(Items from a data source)
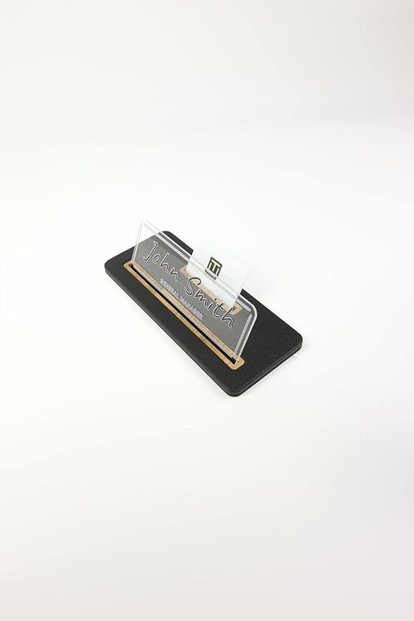 Modern ve minimalist tasarım, yüksek kaliteli deri malzeme, yüksek teknoloji sayesinde, kusursuz çözünürlüklü lazer kazıma ve tamamen profesyonel el işçiliği ile kişiye özel hazırlanan Siyah Deri Masaüstü İsimlik ve Kartvizitlik, Gold detaylıdır, siyah, beyaz veya şeffaf pleksi ve 10 farklı font seçeneği ile üretilebilir ve özelleştirilebilir niteliktedir.
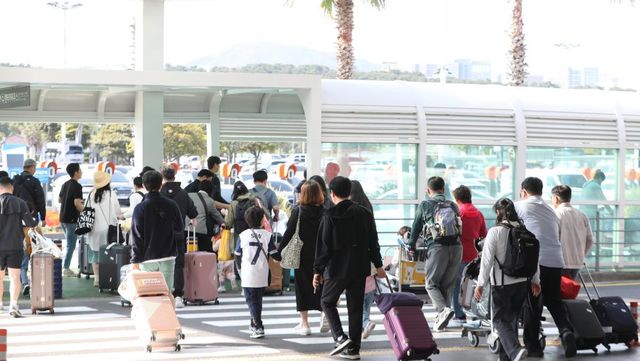 제주국제공항에 도착한 관광객들의 모습. / 뉴스1
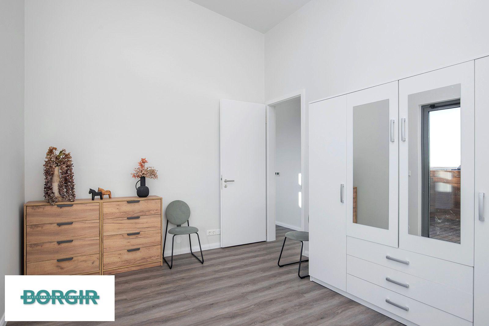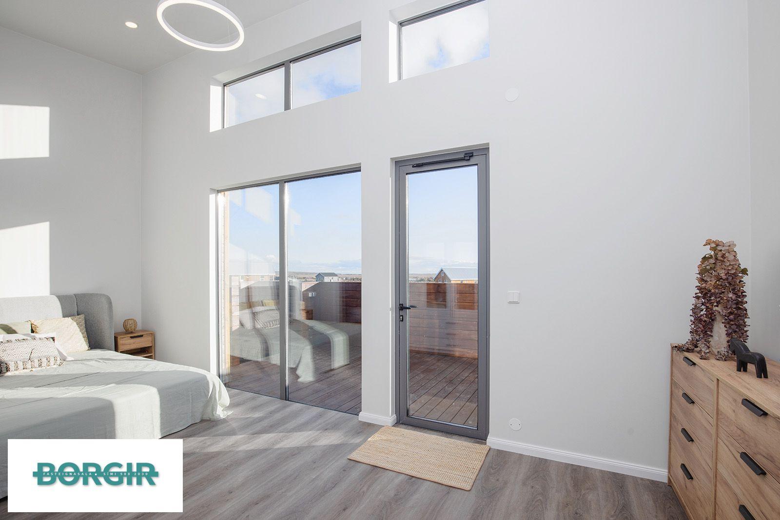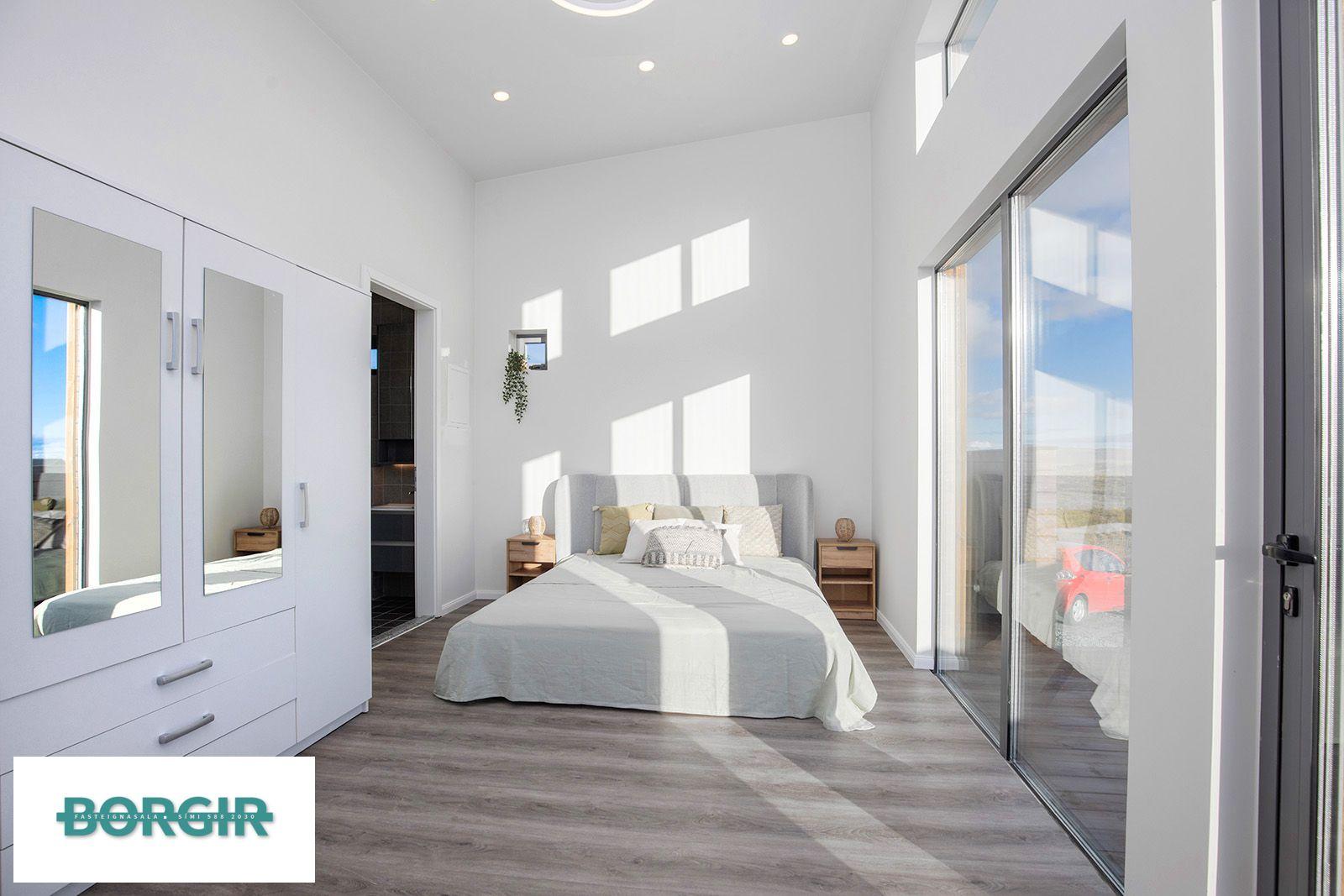 Hjónaherbergi: Með plastparketi, fataskáp, gólfsíðum gluggum og hurð út á pall, innaf herbergi er baðherbergi með sturtuklefa, baðinnréttingu með vask og upphengt salerni. Físar á gólfi og veggjum.
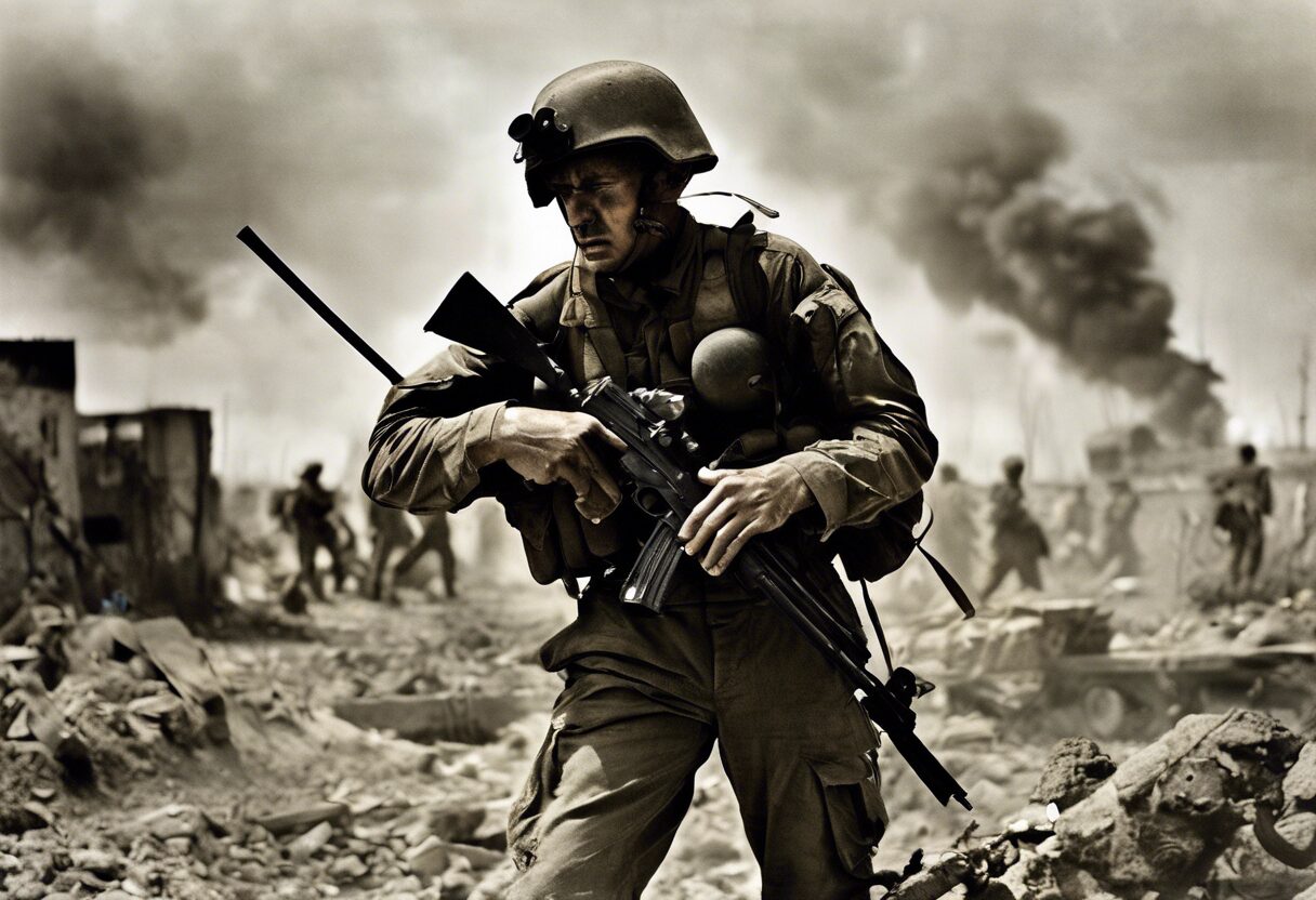 Imagen a color capturada con película analógica en un escenario de la Tercera Guerra Mundial. Muestra una ciudad en ruinas y un niño solitario con un osito de peluche, simbolizando la pérdida de la inocencia. La foto tiene grano moderado y colores parcialmente saturados, representando la dura realidad del conflicto y la pequeñas esperanza que persiste.
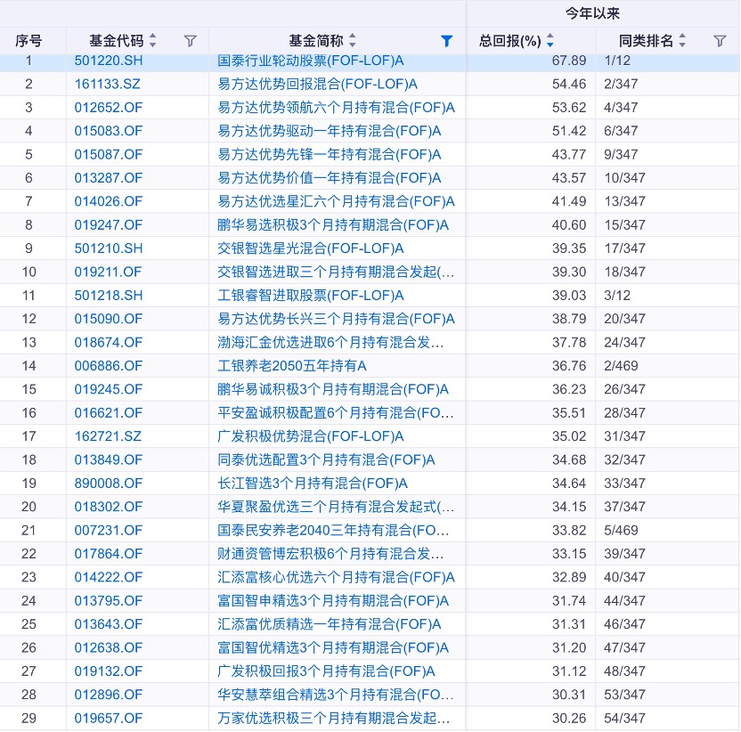 表现最好的是曾辉管理的国泰行业轮动股票(FOF-LOF)今年以来回报率67.89%,同类排名第一。随后,易方达包揽了第二至第七名,排名第二的是胡云峰管理的易方达优势回报混合(FOF-LOF),其余5只均是张浩然管理,易方达优势领航六个月持有混合(FOF)、易方达优势驱动一年持有混合(FOF)、易方达优势先锋一年持有混合(FOF)、易方达优势价值一年持有混合(FOF)以及易方达优选星汇六个月持有混合(FOF)。

__What you are asked to do__: Send back the entries above exactly. Skip the images.

__Written solution__:
 Modern ve minimalist tasarım, yüksek kaliteli deri malzeme, yüksek teknoloji sayesinde, kusursuz çözünürlüklü lazer kazıma ve tamamen profesyonel el işçiliği ile kişiye özel hazırlanan Siyah Deri Masaüstü İsimlik ve Kartvizitlik, Gold detaylıdır, siyah, beyaz veya şeffaf pleksi ve 10 farklı font seçeneği ile üretilebilir ve özelleştirilebilir niteliktedir.
 제주국제공항에 도착한 관광객들의 모습. / 뉴스1
 Hjónaherbergi: Með plastparketi, fataskáp, gólfsíðum gluggum og hurð út á pall, innaf herbergi er baðherbergi með sturtuklefa, baðinnréttingu með vask og upphengt salerni. Físar á gólfi og veggjum.
 Imagen a color capturada con película analógica en un escenario de la Tercera Guerra Mundial. Muestra una ciudad en ruinas y un niño solitario con un osito de peluche, simbolizando la pérdida de la inocencia. La foto tiene grano moderado y colores parcialmente saturados, representando la dura realidad del conflicto y la pequeñas esperanza que persiste.
 表现最好的是曾辉管理的国泰行业轮动股票(FOF-LOF)今年以来回报率67.89%,同类排名第一。随后,易方达包揽了第二至第七名,排名第二的是胡云峰管理的易方达优势回报混合(FOF-LOF),其余5只均是张浩然管理,易方达优势领航六个月持有混合(FOF)、易方达优势驱动一年持有混合(FOF)、易方达优势先锋一年持有混合(FOF)、易方达优势价值一年持有混合(FOF)以及易方达优选星汇六个月持有混合(FOF)。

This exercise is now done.